▸ **SUPPLIED INFORMATION**
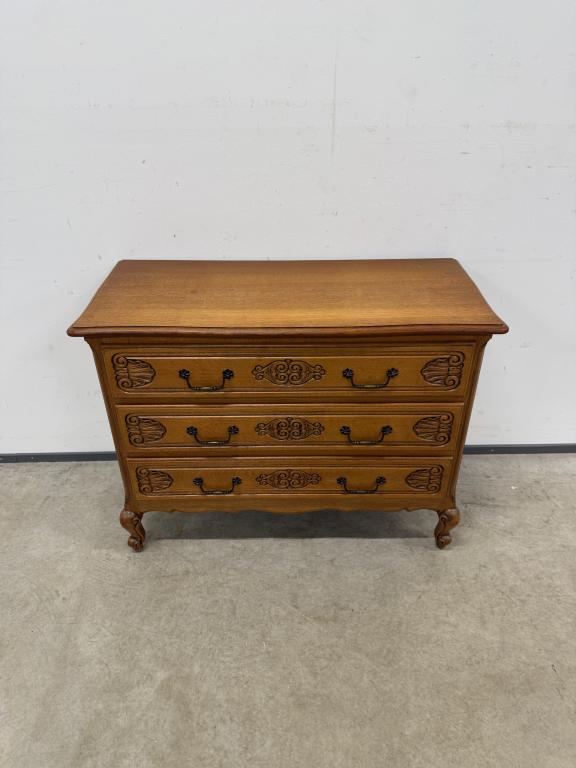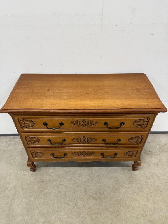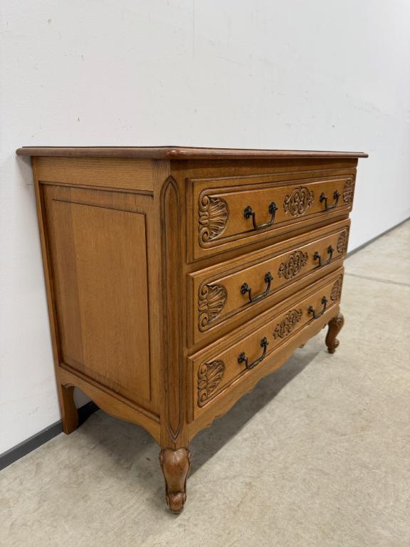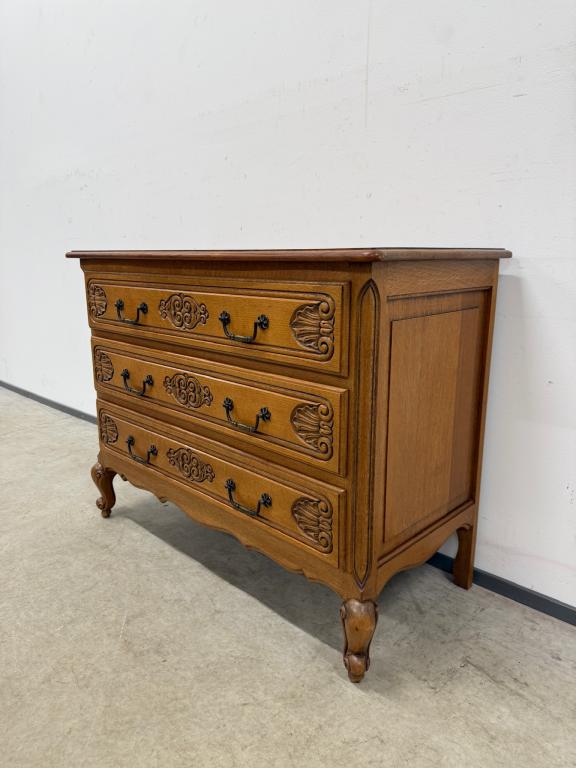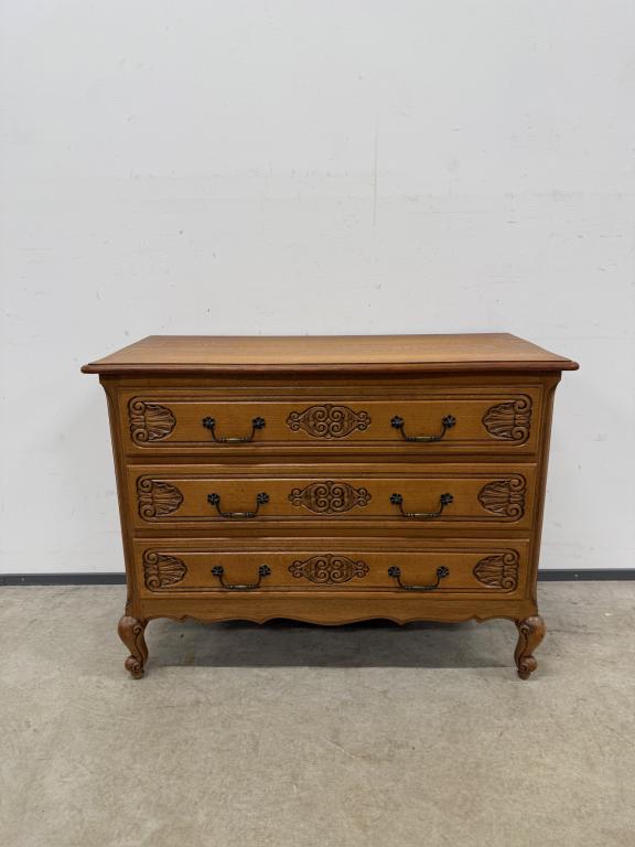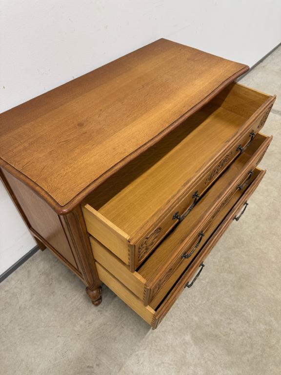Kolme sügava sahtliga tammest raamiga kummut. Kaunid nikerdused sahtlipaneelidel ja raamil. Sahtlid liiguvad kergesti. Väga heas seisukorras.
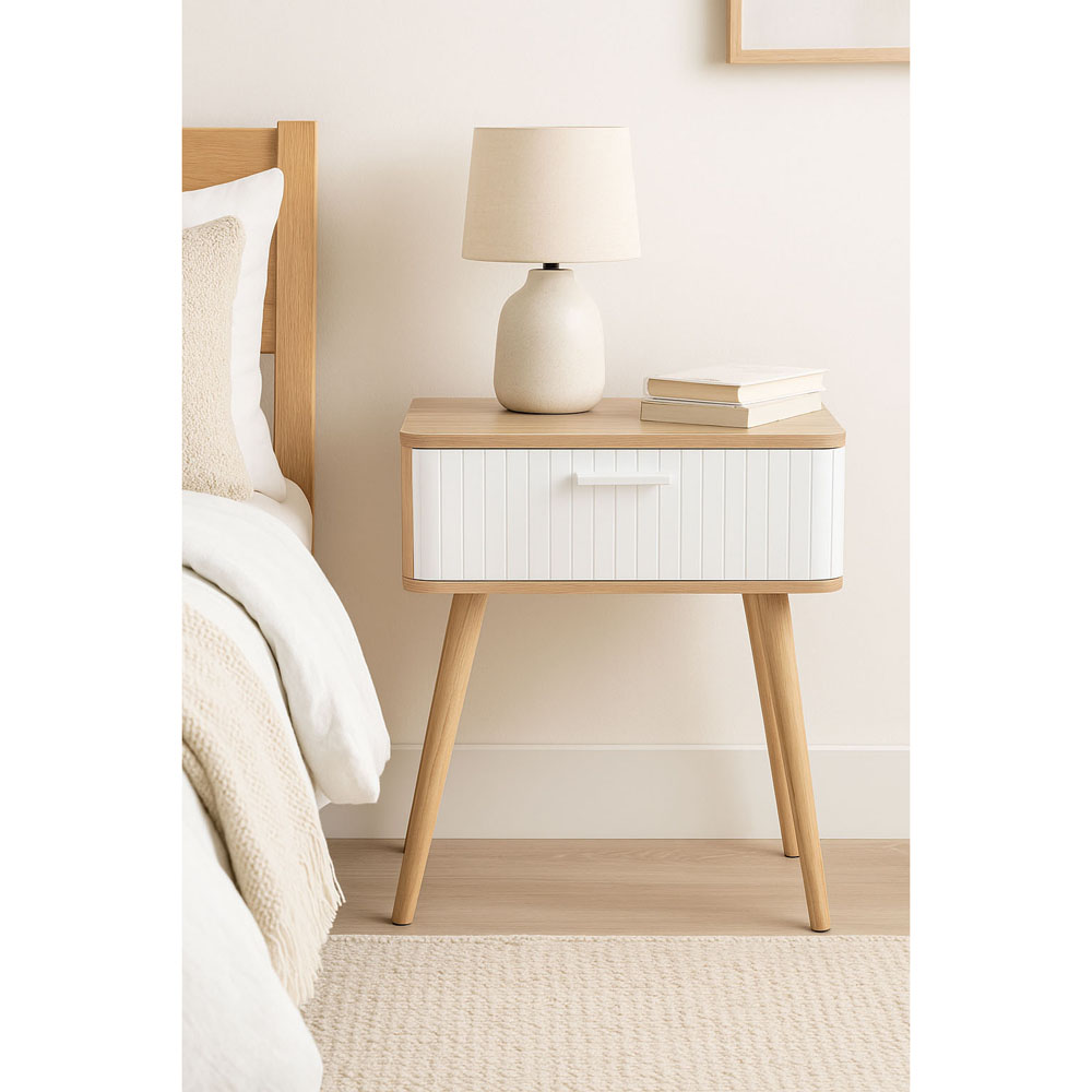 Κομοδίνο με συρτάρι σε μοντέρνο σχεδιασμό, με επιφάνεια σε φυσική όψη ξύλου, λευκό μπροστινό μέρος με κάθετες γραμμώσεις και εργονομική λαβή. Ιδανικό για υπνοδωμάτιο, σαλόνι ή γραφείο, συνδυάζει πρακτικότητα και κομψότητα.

...

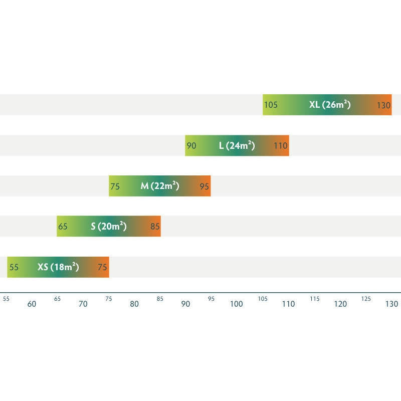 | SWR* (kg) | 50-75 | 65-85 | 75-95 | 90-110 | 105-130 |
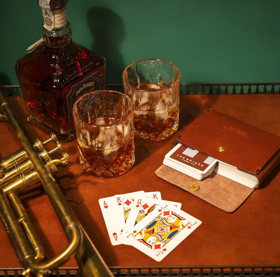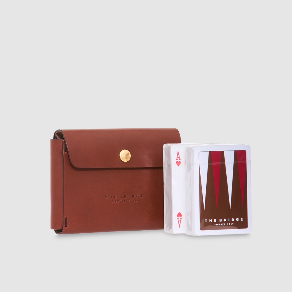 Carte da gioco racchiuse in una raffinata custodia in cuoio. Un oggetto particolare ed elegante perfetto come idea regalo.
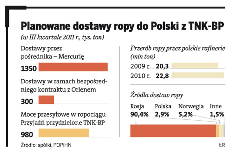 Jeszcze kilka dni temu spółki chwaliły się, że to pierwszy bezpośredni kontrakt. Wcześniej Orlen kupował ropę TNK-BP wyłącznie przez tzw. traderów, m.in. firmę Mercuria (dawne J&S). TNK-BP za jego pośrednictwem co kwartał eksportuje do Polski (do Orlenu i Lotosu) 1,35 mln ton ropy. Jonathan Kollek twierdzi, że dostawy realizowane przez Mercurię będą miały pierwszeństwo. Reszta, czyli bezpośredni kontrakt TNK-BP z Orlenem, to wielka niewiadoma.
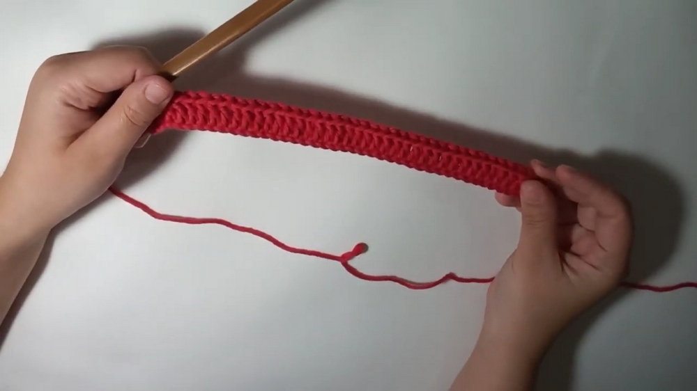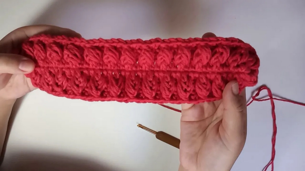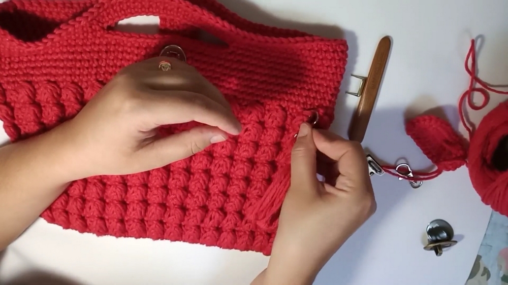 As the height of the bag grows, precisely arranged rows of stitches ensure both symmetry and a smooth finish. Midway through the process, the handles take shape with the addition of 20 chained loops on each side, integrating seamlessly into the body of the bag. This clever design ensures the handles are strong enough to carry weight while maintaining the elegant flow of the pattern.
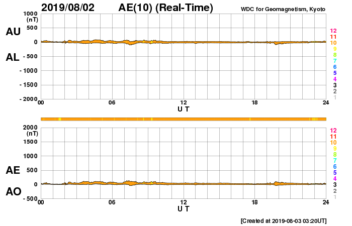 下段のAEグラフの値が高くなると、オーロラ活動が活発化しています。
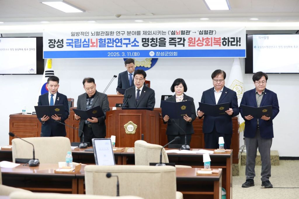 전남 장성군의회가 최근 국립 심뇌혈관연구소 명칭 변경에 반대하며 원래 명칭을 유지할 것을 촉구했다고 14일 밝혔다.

▸ **WHAT THE TASK ASKS**
From the records above, transcribe exactly the lines starting at the one containing "Kolme sügava sahtliga" and ending at the one containing "Κομοδίνο με συρτάρι". Skip the pictures.

▸ **RESULT**
Kolme sügava sahtliga tammest raamiga kummut. Kaunid nikerdused sahtlipaneelidel ja raamil. Sahtlid liiguvad kergesti. Väga heas seisukorras.
 Κομοδίνο με συρτάρι σε μοντέρνο σχεδιασμό, με επιφάνεια σε φυσική όψη ξύλου, λευκό μπροστινό μέρος με κάθετες γραμμώσεις και εργονομική λαβή. Ιδανικό για υπνοδωμάτιο, σαλόνι ή γραφείο, συνδυάζει πρακτικότητα και κομψότητα.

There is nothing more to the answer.